EXERCISE REQUIREMENTS: Using the data below, reproduce exactly the lines from the line with "The Stylish II chest" to the line with "Перевозчики сделали лишь", both included; pictures must be dropped.
Start of STORED DATA
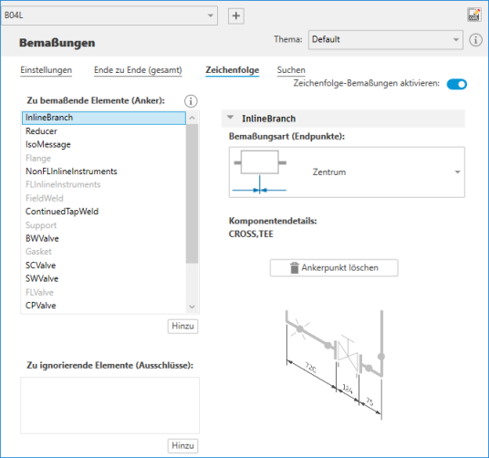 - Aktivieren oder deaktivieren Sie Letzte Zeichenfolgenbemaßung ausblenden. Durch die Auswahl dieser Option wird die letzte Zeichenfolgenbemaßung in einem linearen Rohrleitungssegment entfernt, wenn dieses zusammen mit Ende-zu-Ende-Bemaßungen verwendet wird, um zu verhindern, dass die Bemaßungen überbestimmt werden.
End of STORED DATA
Start of STORED DATA
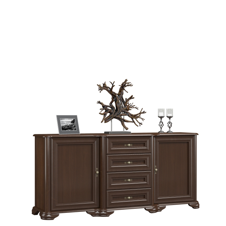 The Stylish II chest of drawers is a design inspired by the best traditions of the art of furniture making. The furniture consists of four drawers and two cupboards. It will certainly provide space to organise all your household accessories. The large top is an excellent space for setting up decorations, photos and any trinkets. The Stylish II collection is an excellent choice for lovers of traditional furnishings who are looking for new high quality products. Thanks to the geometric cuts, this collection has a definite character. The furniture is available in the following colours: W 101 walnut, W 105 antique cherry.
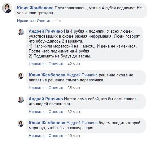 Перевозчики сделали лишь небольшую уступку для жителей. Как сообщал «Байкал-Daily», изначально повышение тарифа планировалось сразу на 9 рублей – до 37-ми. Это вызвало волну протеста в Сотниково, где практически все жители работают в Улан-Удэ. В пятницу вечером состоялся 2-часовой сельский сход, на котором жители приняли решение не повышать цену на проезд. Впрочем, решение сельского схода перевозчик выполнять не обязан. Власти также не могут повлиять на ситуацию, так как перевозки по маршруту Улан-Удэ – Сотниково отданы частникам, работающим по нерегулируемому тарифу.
End of STORED DATA
Start of STORED DATA
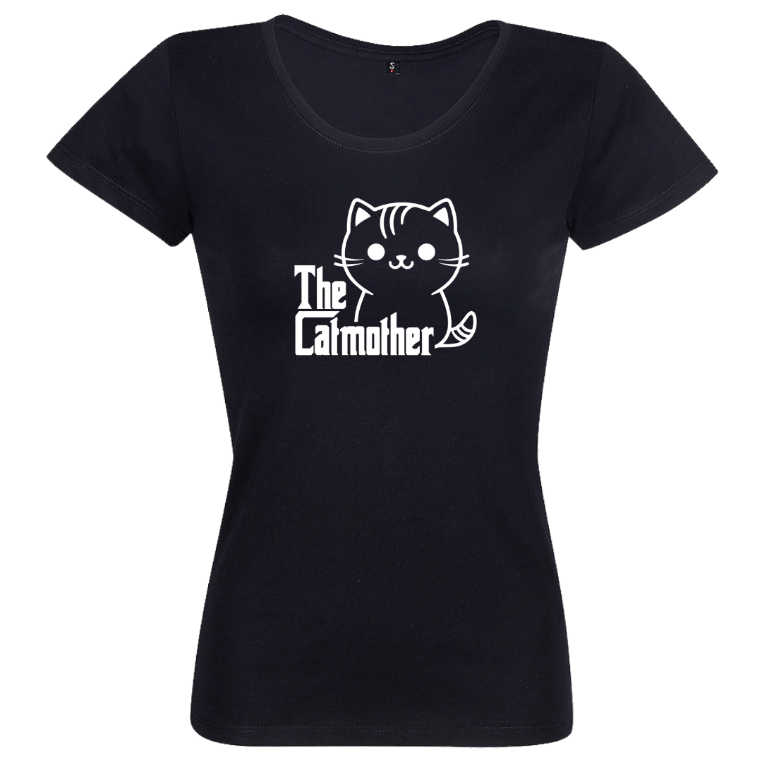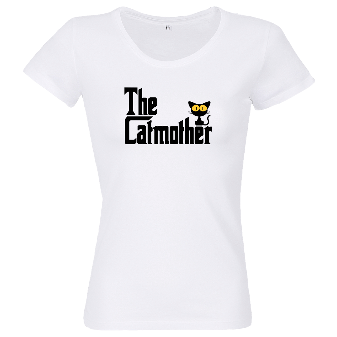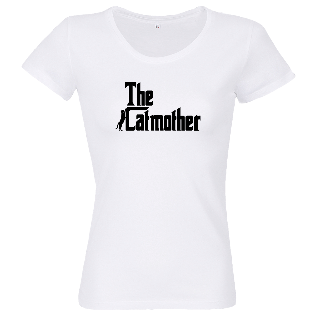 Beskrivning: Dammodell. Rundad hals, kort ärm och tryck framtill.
End of STORED DATA
FINAL ANSWER:
 The Stylish II chest of drawers is a design inspired by the best traditions of the art of furniture making. The furniture consists of four drawers and two cupboards. It will certainly provide space to organise all your household accessories. The large top is an excellent space for setting up decorations, photos and any trinkets. The Stylish II collection is an excellent choice for lovers of traditional furnishings who are looking for new high quality products. Thanks to the geometric cuts, this collection has a definite character. The furniture is available in the following colours: W 101 walnut, W 105 antique cherry.
 Перевозчики сделали лишь небольшую уступку для жителей. Как сообщал «Байкал-Daily», изначально повышение тарифа планировалось сразу на 9 рублей – до 37-ми. Это вызвало волну протеста в Сотниково, где практически все жители работают в Улан-Удэ. В пятницу вечером состоялся 2-часовой сельский сход, на котором жители приняли решение не повышать цену на проезд. Впрочем, решение сельского схода перевозчик выполнять не обязан. Власти также не могут повлиять на ситуацию, так как перевозки по маршруту Улан-Удэ – Сотниково отданы частникам, работающим по нерегулируемому тарифу.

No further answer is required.